At oral argument, all the justices appeared to agree with Arizona that the Ninth Circuit did not properly account for the aggravating factors when it considered the new evidence of Mr. Jones’ traumatic life experiences and mental disorders. “The circuit court did lay forth the fact that it should balance aggravating and mitigating, but I accept that it really didn’t do that,” Justice Sonia Sotomayor said early in the questioning. Justice Elena Kagan later said that the Ninth Circuit “completely ignores all the aggravating evidence” and “has to look at the good and the bad.” The justices also discussed whether, in addition to the Ninth Circuit, the federal district court that conducted the evidentiary hearing weighed the factors properly. The district court found no prejudice against Mr. Jones. Justice Kagan said that the district court may have “misunderstood its role”; instead of weighing the evidence based on a “reasonable probability” of a different outcome, it “seemed to think that it was the factfinder” and made new conclusions about the quality of evidence before imposing what appeared to be a higher standard.

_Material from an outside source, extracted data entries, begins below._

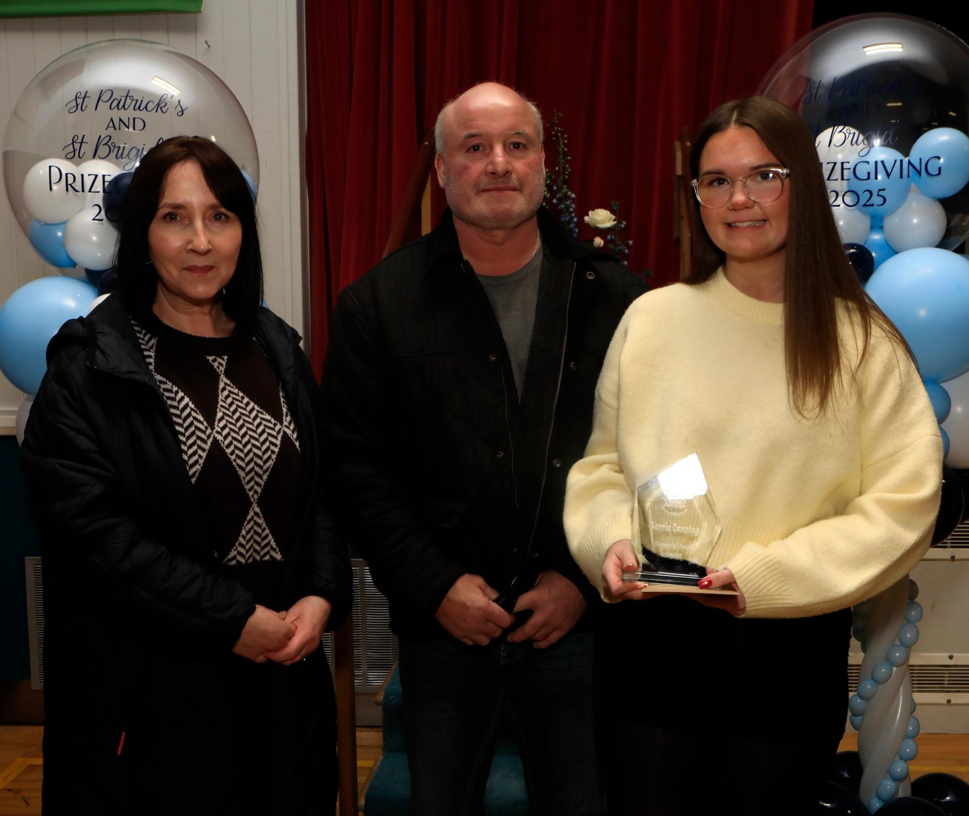 Mr. and Mrs. Canning presents the Kerrie Canning Memorial Award for Contribution to Art (KS4) to Ella Rose Moore.
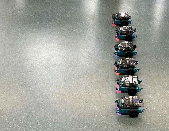 Am ersten Tag bekamen wir eine Einführung in das Thema der Robotik. Dabei lernten wir, was Roboter sind, wo sie ein gesetzt werden und welche Vor- und Nachteile sie haben. Anschließend arbeiteten wir in Zweiergruppen und programmierten mit dem Block-based-coding auf einem kleinen Gerät (calliope mini 3) eine Lärmampel und ein Lichtwecker. Danach programmierten wir kleine Roboter mit Rädern (MBot2). Zuerst folgten wir einer Anleitung, später durften wir die Roboter frei programmieren, so dass es aussah als ob sie Breakdance tanzten.
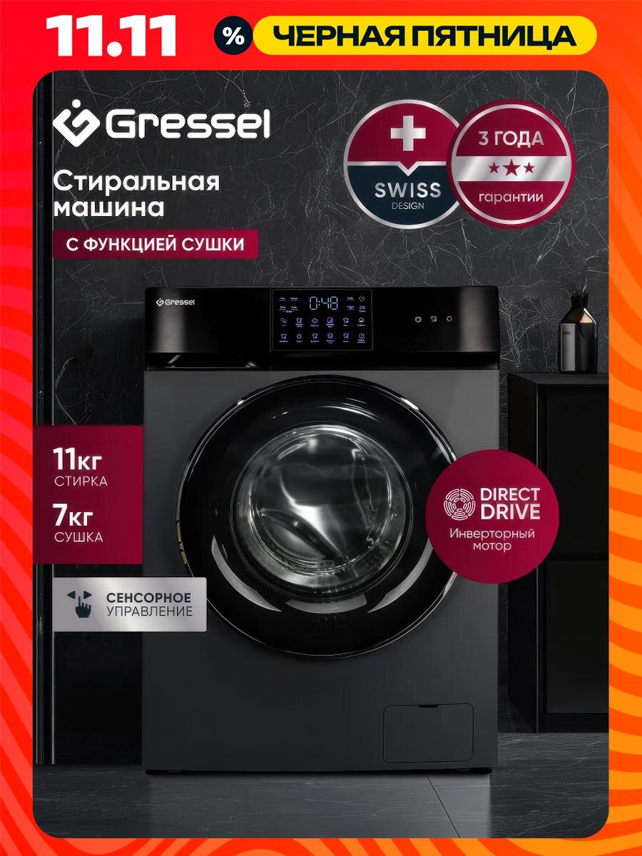 Стиральная машина Gressel UBS602 с сушкой - это современное и функциональное устройство, которое сочетает в себе стирку и сушку белья.
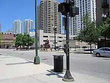Haymarket Square[1] is a commercial area on the Near West Side[2] of Chicago at Randolph Street and Des Plaines Street[3] just east of Halsted Street,[4] known primarily for the protest and bombing that occurred on May 4, 1886.[5][6] It was a wide,[7] busy commercial food produce market[8][9] for much of the 19th and early 20th centuries. The square is a tourist destination,[10] and is often a rally point for various unions[11] and political groups and individuals.[12]
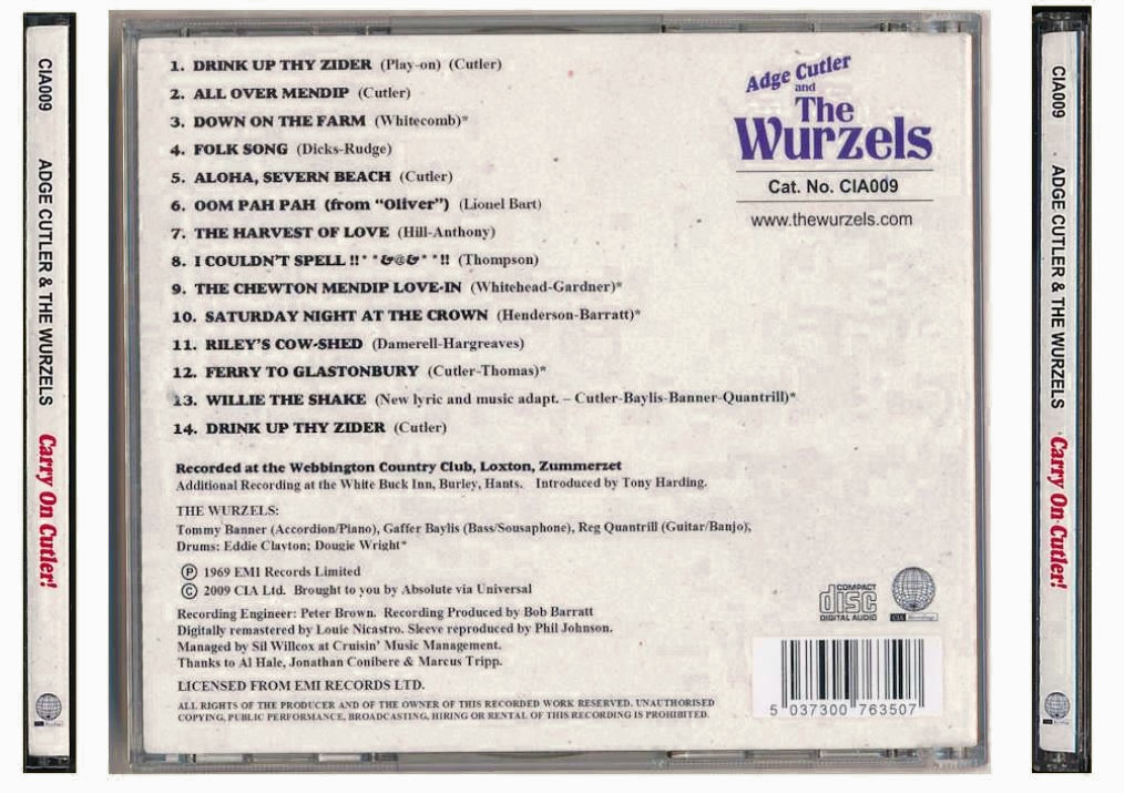 As can be read in the press release below, November 27th 2009 saw the release on CD for the first time of five out-of-print Wurzel albums - namely Adge Cutler & The Wurzels, Adge Cutler's Family Album, Carry On Cutler, Don't Tell I, Tell 'Ee and The Wurzels Are Scrumptious. The first four were all 'Adge Cutler & The Wurzels' albums (Adge's other original album Cutler Of The West having been released on CD by EMI in 2003), the final one being recorded by the Wurzels in their own right after Adge's death. For all the CDs the artwork was taken directly from the original LPs (but without the EMI/Columbia logos) and the case insert included a reproduction of the original sleeve notes - with the exception of 'Don't Tell I, Tell 'Ee' which had no sleeve notes on the original LP so a black and white copy of the artwork on the sleeve was added instead.
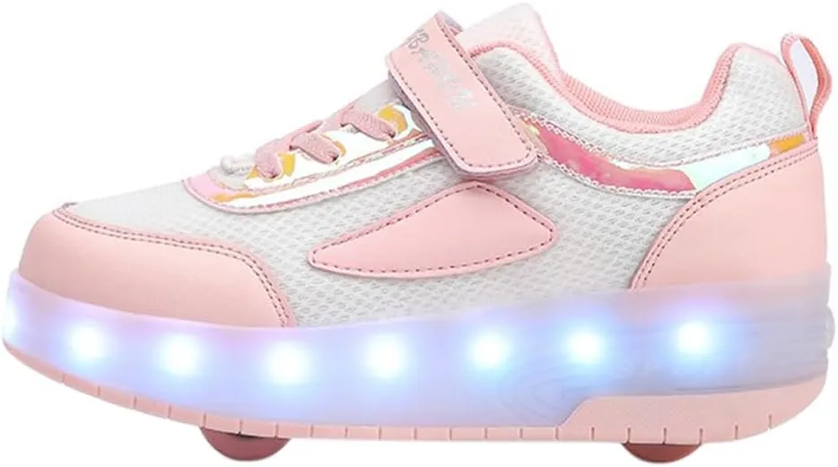 Kids LED Roller Skate Shoes with Double Wheels Rechargeable Retractable Wheels Light Up Sneakers for Christmas Birthday Gifts
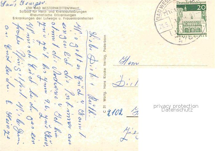 72713027 alte Postkarte Bad Westernkotten Kurpark Haus am Park Haus Margareta postalisch gelaufen Erhaltung siehe scans [LiesaD40] KatCode: 11110005974016

Some members of the Court have increasingly leaned on the concept of “finality” as rationale in recent decisions, and the issue arose again at this oral argument. While Mr. Jones asked that, in the event of a loss, the Court vacate and remand the case to give the Ninth Circuit another chance to conduct the Strickland analysis, Arizona asked the Court to go further and decide on its own whether Mr. Jones’ death sentence should stand based on his counsel’s performance. When Justice Sotomayor asked the state attorney why he sought the more serious and much less common remedy, he answered “finality” and argued that the case “has to end at some point.” Justice Gorsuch later echoed those words, asking whether there was “some value to everybody having some finality in this case” and arguing that “we have the whole record before us and nothing’s changed in 20 years.” Justice Sotomayor, on the other hand, pushed back. “That’s nice,” she told Arizona’s counsel, “but we’re not factfinders, and we generally don’t weigh evidence. There’s thousands of pages in this record.”
The Court will likely issue its decision in the case by the end of June.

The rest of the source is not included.